The APIs related text enable searching, counting, exporting and extracting text in PDF documents. ZSTextPage_Load needs to be called in advance to retrieve text contents related to a specific PDF page before text processing is peformed. Here are some common APIs for text processing listed in Table 3.14. For a complete list of APIs, please refer to ZSTextPage.h.


Table 3.14

  API Name Description
1 ZSTextPage_Load Prepare the information of all characters in a page.
2 ZSTextPage_Release Release all resources allocated for a PDF text page handle.
3 ZSTextPage_NumChars Get a count of characters in a page.

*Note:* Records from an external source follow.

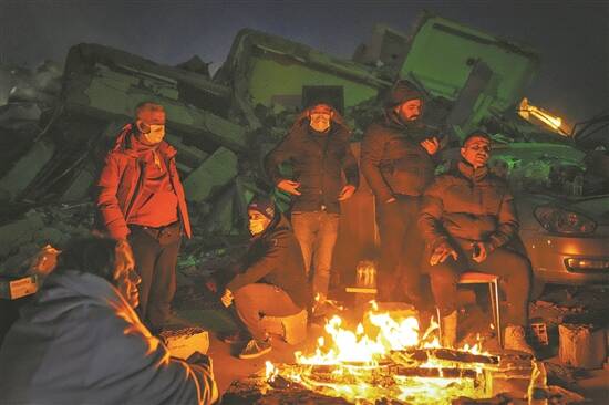当地时间2月14日,安塔基亚市灾区。寒冷的夜晚,受灾民众纷纷在路边生火取暖 |
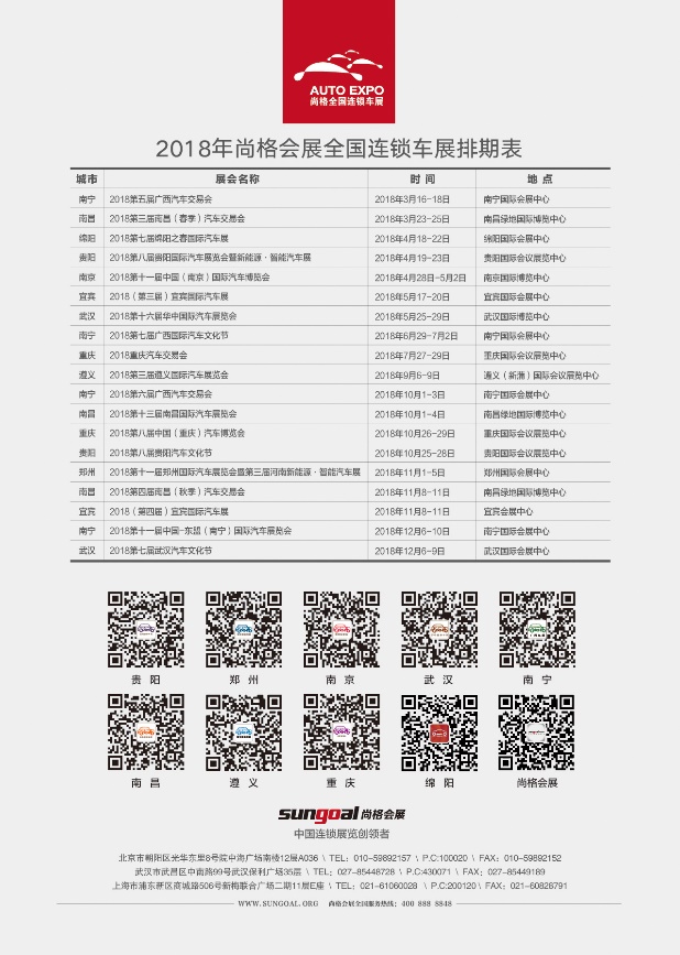 尚格會展,勵精圖治23年,在武漢、南京、南昌、鄭州、貴陽、遵義、綿陽、宜賓、重慶、南寧等十余城市,每年舉辦20余場車展,年組展面積超100萬平方米,尚格以“夸父逐日”的精神持續探索著行業。近年來車市緩增,會展業同質化嚴重,在此巨大的商戰變革中,尚格逆勢突圍、撥亂反正,穩坐中國二三線城市車展的龍頭交椅。限量免費搶票瘋狂進行中,點我點我。
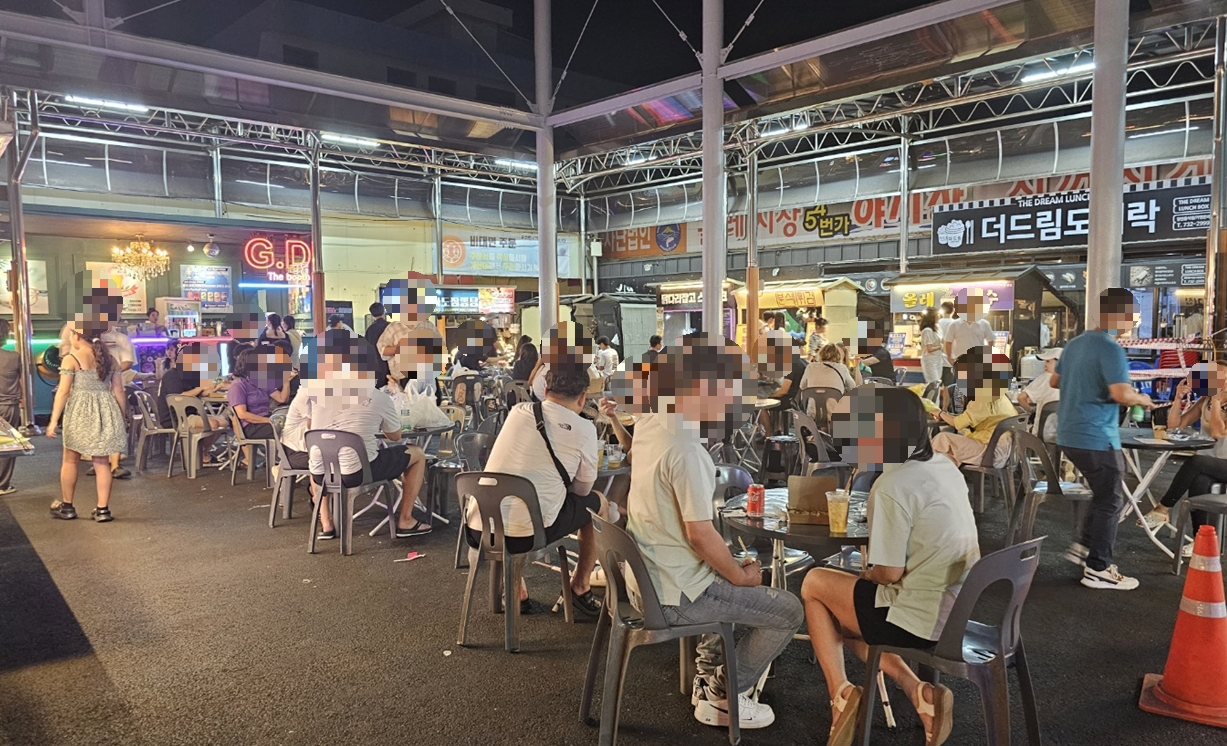여기가 진정 야시장의 끝판왕입니다. 산해진미가 가득하고 젊음과 낭만이 있는 올레 54번가 야시장입니다. 삼삼오오 모여앉아 각자 취향의 음식을 두고 이야기꽃을 피웁니다. 시끌벅적한 야시장의 진풍경입니다.

Generated characters, additional space and line breaks are also counted.
4 ZSTextSelection_GetChars Extract text from a selected area on a page.
5 ZSTextPage_ExportToFile Export text content in a page to a specific file handle.
6 ZSTextSearch_FindNext Search for text from the beginning of the document to the end.
7 ZSTextSearch_GetSelection Get a text selection handle from a text search when a match is found.
8 ZSTextLink_GetLink Get the URL hyperlink.
9 ZSTextLink_NumLinks Get a count of the text in URL format on a page.
10 ZSTextPage_SelectByRange Get a text selection handle by specific character range.
11 ZSTextPage_StartSearch Start a search for text in PDF document.

 


This is an example of how to do text search using APIs.

Example: Search a text pattern in a page

ZSTextPage textPage = NULL;

ret = ZSTextPage_Load(page, &textPage);

if (ZS_OK == ret)

{

ZSTextSearch textSearch = NULL;

ret = ZSTextPage_StartSearch(textPage, &searchPattern, 0, 0, &textSearch);

if (ZS_OK == ret)

{

ZSBool isMatch = ZS_TRUE;

ZSTextSearch_FindNext(textSearch, &isMatch);

}

}